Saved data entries
────

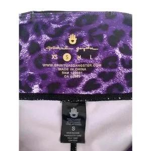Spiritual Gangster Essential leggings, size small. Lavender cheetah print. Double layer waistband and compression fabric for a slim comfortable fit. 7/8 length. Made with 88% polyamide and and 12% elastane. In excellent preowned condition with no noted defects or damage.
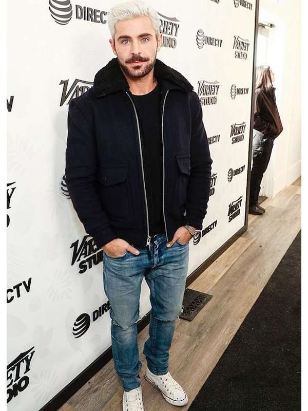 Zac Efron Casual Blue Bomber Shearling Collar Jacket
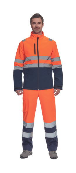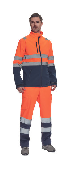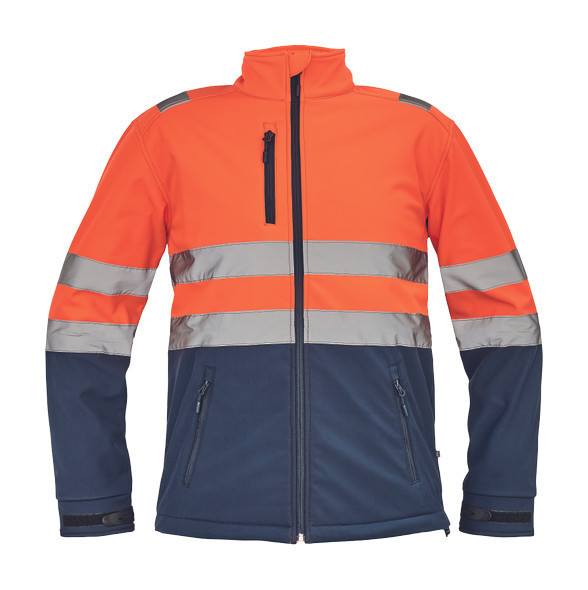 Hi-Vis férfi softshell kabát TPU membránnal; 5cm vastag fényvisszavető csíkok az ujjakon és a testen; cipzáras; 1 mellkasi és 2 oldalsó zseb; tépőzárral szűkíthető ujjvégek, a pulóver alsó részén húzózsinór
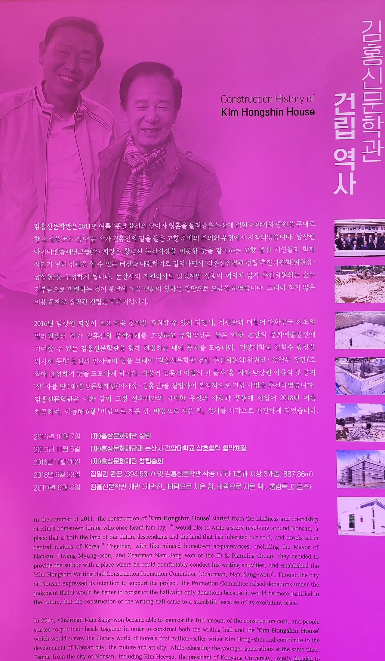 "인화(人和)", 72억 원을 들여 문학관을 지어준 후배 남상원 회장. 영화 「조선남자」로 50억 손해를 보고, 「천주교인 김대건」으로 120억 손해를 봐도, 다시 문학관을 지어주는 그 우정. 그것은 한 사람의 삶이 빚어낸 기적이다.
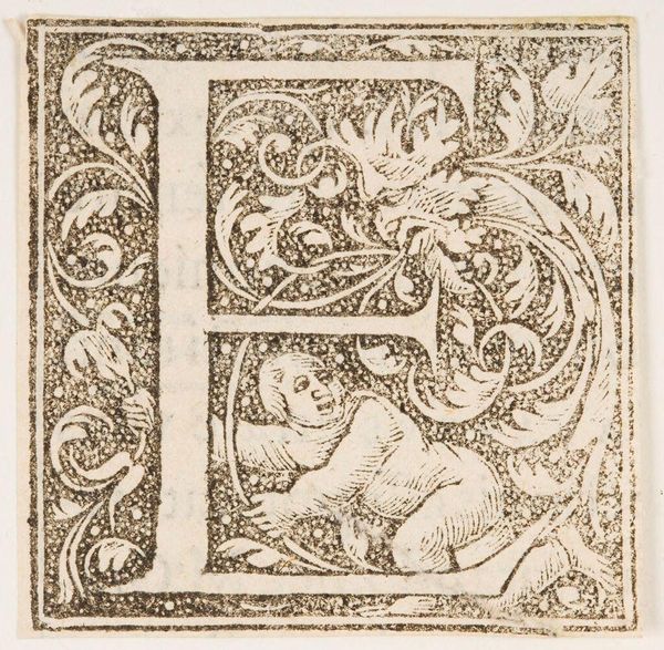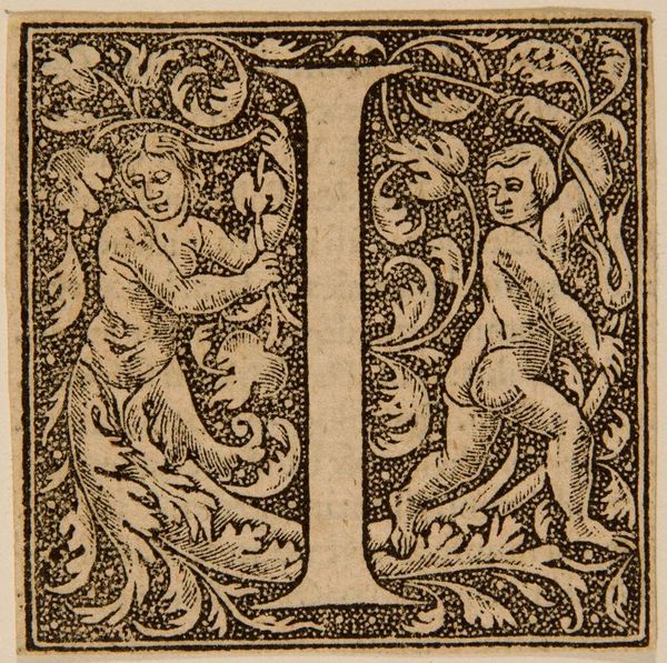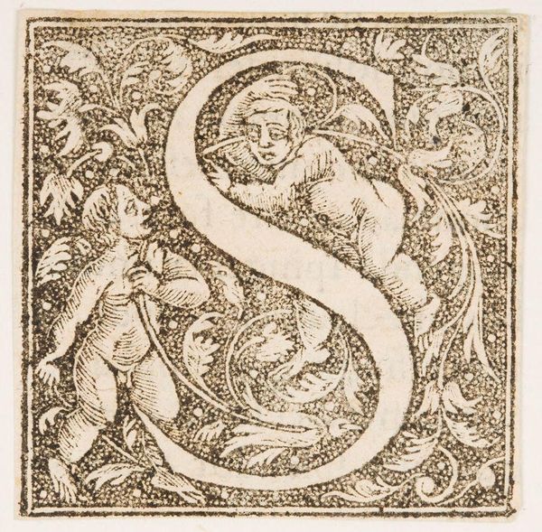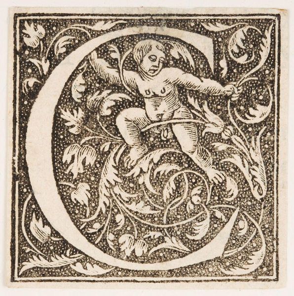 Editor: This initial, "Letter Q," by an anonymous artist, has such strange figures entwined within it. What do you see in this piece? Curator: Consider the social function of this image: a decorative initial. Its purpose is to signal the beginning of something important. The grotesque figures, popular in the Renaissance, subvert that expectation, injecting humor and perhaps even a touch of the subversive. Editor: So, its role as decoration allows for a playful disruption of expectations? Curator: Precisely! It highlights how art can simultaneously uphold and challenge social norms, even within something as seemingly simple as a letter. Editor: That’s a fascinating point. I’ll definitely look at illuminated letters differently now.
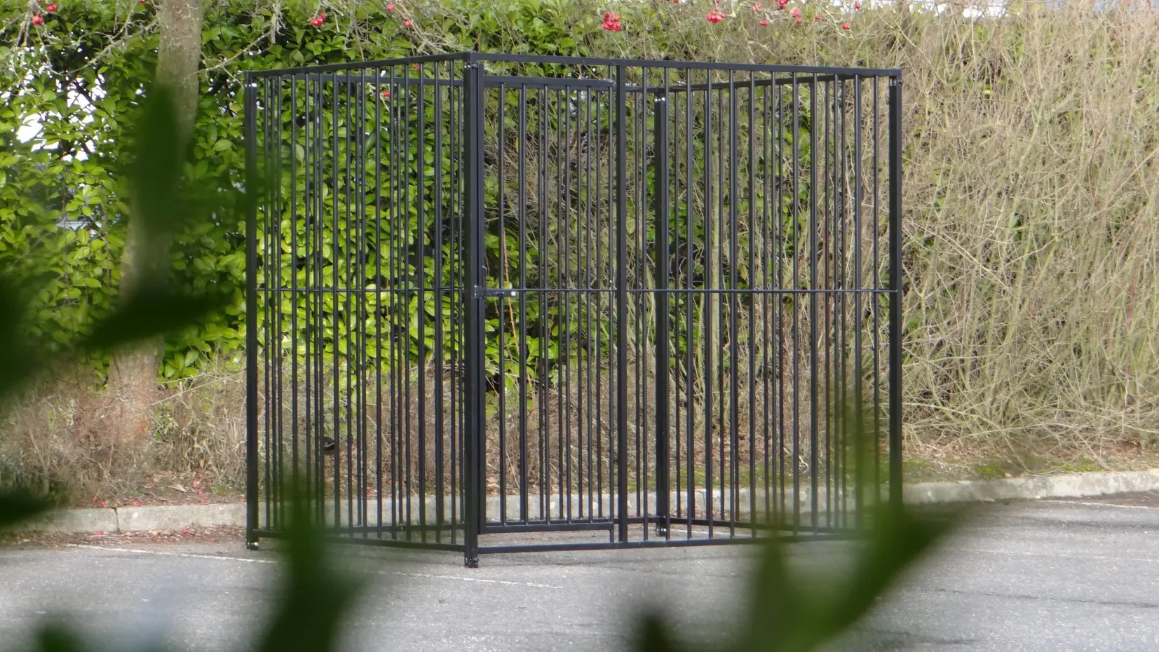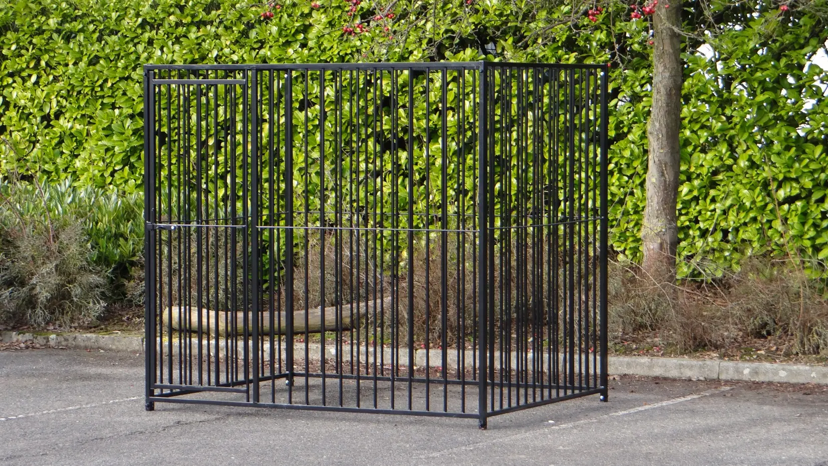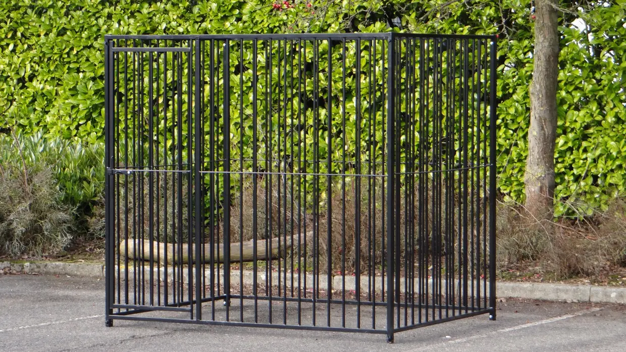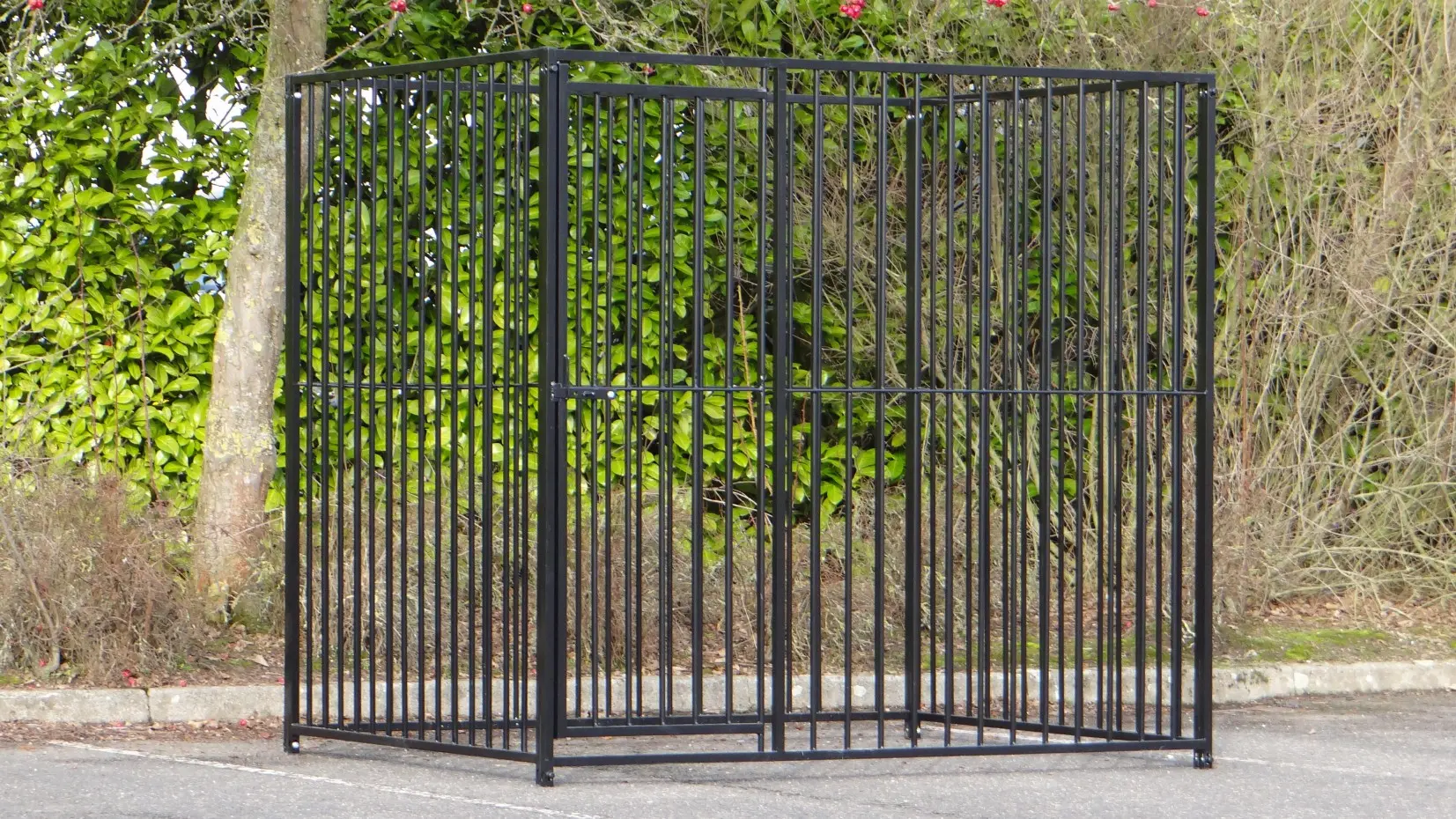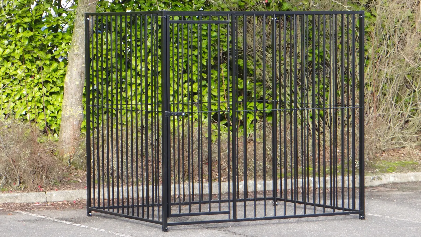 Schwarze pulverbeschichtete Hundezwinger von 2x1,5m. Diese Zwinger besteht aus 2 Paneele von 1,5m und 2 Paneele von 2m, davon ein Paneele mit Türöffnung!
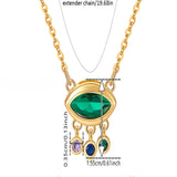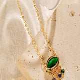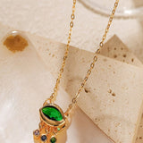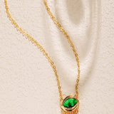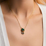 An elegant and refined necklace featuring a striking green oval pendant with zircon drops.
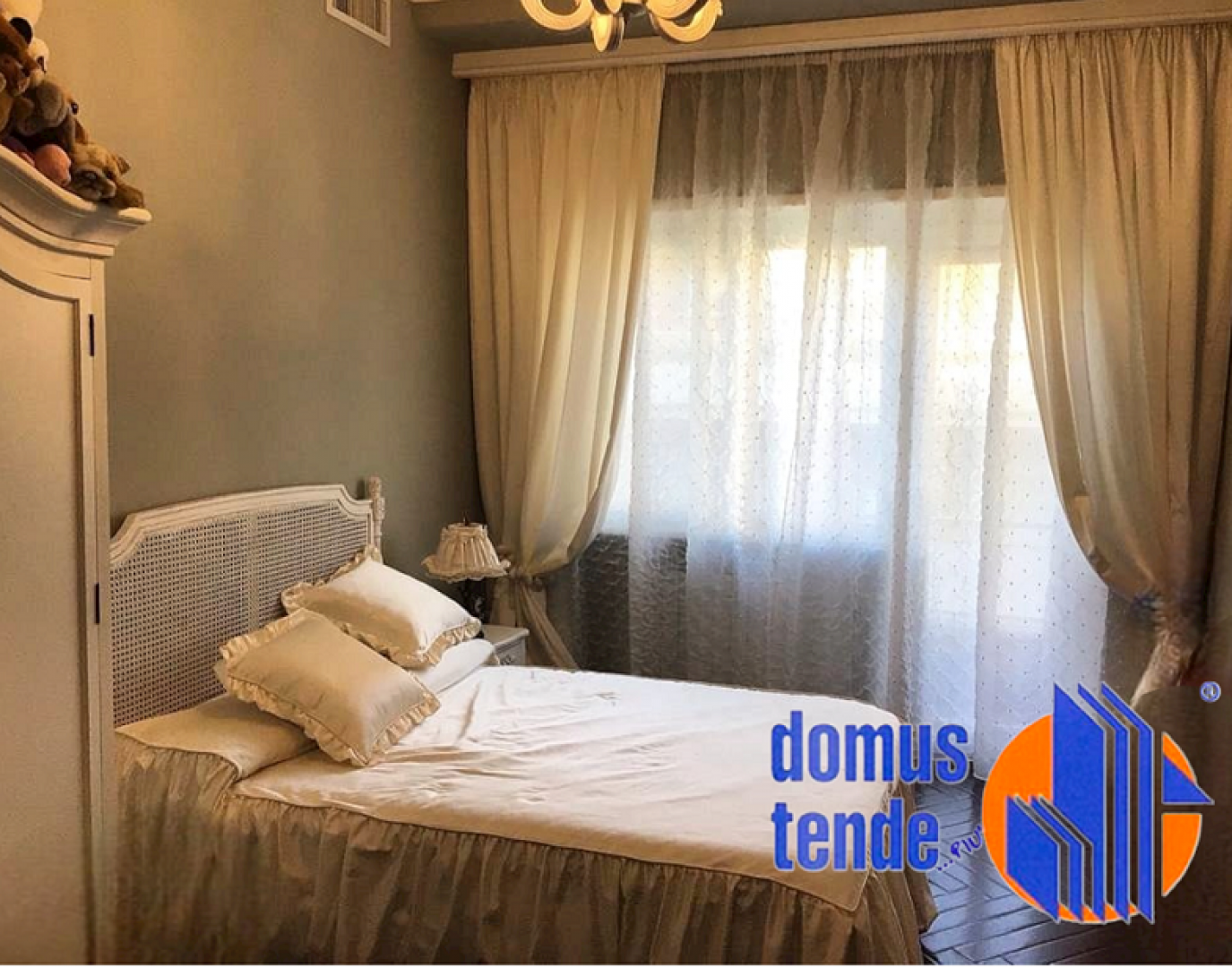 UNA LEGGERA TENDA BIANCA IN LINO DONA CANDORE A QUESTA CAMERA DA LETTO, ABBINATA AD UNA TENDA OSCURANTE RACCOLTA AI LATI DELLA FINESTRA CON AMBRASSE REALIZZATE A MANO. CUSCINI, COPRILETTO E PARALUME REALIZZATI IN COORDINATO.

────

AIM OF THE EXERCISE:
Nothing should appear in the answer except the lines from the first line of the data through the line holding "An elegant and", exactly as written, with pictures left out.

TASK SOLUTION:
Spiritual Gangster Essential leggings, size small. Lavender cheetah print. Double layer waistband and compression fabric for a slim comfortable fit. 7/8 length. Made with 88% polyamide and and 12% elastane. In excellent preowned condition with no noted defects or damage.
 Zac Efron Casual Blue Bomber Shearling Collar Jacket
 Hi-Vis férfi softshell kabát TPU membránnal; 5cm vastag fényvisszavető csíkok az ujjakon és a testen; cipzáras; 1 mellkasi és 2 oldalsó zseb; tépőzárral szűkíthető ujjvégek, a pulóver alsó részén húzózsinór
 "인화(人和)", 72억 원을 들여 문학관을 지어준 후배 남상원 회장. 영화 「조선남자」로 50억 손해를 보고, 「천주교인 김대건」으로 120억 손해를 봐도, 다시 문학관을 지어주는 그 우정. 그것은 한 사람의 삶이 빚어낸 기적이다.
 Editor: This initial, "Letter Q," by an anonymous artist, has such strange figures entwined within it. What do you see in this piece? Curator: Consider the social function of this image: a decorative initial. Its purpose is to signal the beginning of something important. The grotesque figures, popular in the Renaissance, subvert that expectation, injecting humor and perhaps even a touch of the subversive. Editor: So, its role as decoration allows for a playful disruption of expectations? Curator: Precisely! It highlights how art can simultaneously uphold and challenge social norms, even within something as seemingly simple as a letter. Editor: That’s a fascinating point. I’ll definitely look at illuminated letters differently now.
 Schwarze pulverbeschichtete Hundezwinger von 2x1,5m. Diese Zwinger besteht aus 2 Paneele von 1,5m und 2 Paneele von 2m, davon ein Paneele mit Türöffnung!
 An elegant and refined necklace featuring a striking green oval pendant with zircon drops.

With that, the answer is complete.